From the first line to the last, restate the data exactly, leaving out the images.

--- Given material Enclosed Below ---

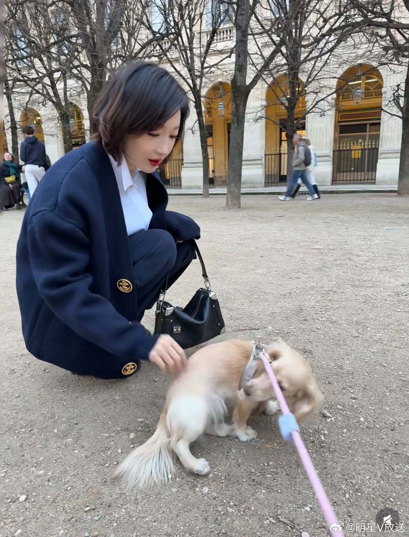 周冬雨在时装周偶遇小狗 周冬雨逗小狗这一幕真给我萌化了!简直演我偶遇小狗的样子,
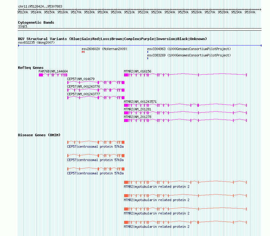 Variant DetailsVariant: nsv832235 | Internal ID | 16109418 | | Landmark | | | Location Information | | | Cytoband | 11q21 | | Allele length | | Assembly | Allele length | | hg38 | 181460 | | hg19 | 181460 | | hg18 | 181460 | | hg17 | 181460 |
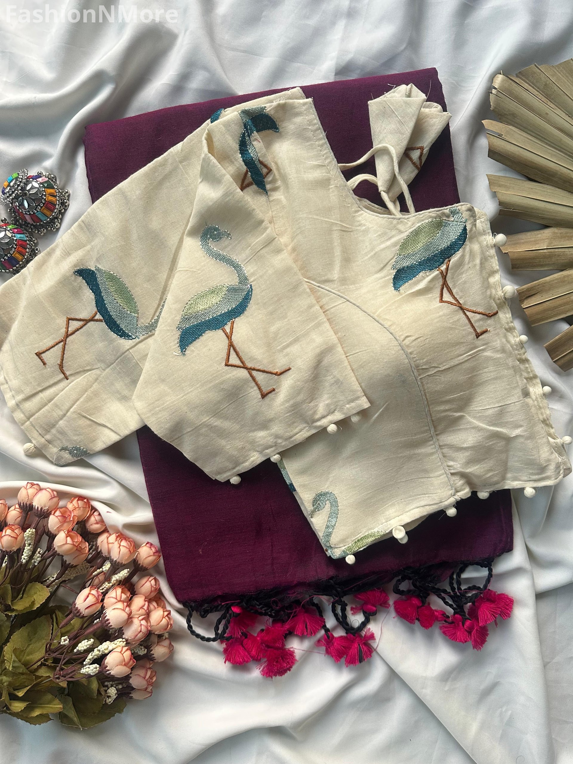 ✔ Comes with a heavy khadi cotton blouse featuring beautiful work
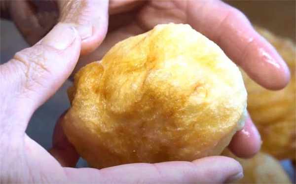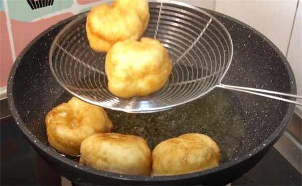 4.等它炸至兩面金黃之後就可以出鍋瞭,這樣這道炸面泡就做好瞭。

--- End of Enclosed Given material ---

Finished exercise:
 周冬雨在时装周偶遇小狗 周冬雨逗小狗这一幕真给我萌化了!简直演我偶遇小狗的样子,
 Variant DetailsVariant: nsv832235 | Internal ID | 16109418 | | Landmark | | | Location Information | | | Cytoband | 11q21 | | Allele length | | Assembly | Allele length | | hg38 | 181460 | | hg19 | 181460 | | hg18 | 181460 | | hg17 | 181460 |
 ✔ Comes with a heavy khadi cotton blouse featuring beautiful work
 4.等它炸至兩面金黃之後就可以出鍋瞭,這樣這道炸面泡就做好瞭。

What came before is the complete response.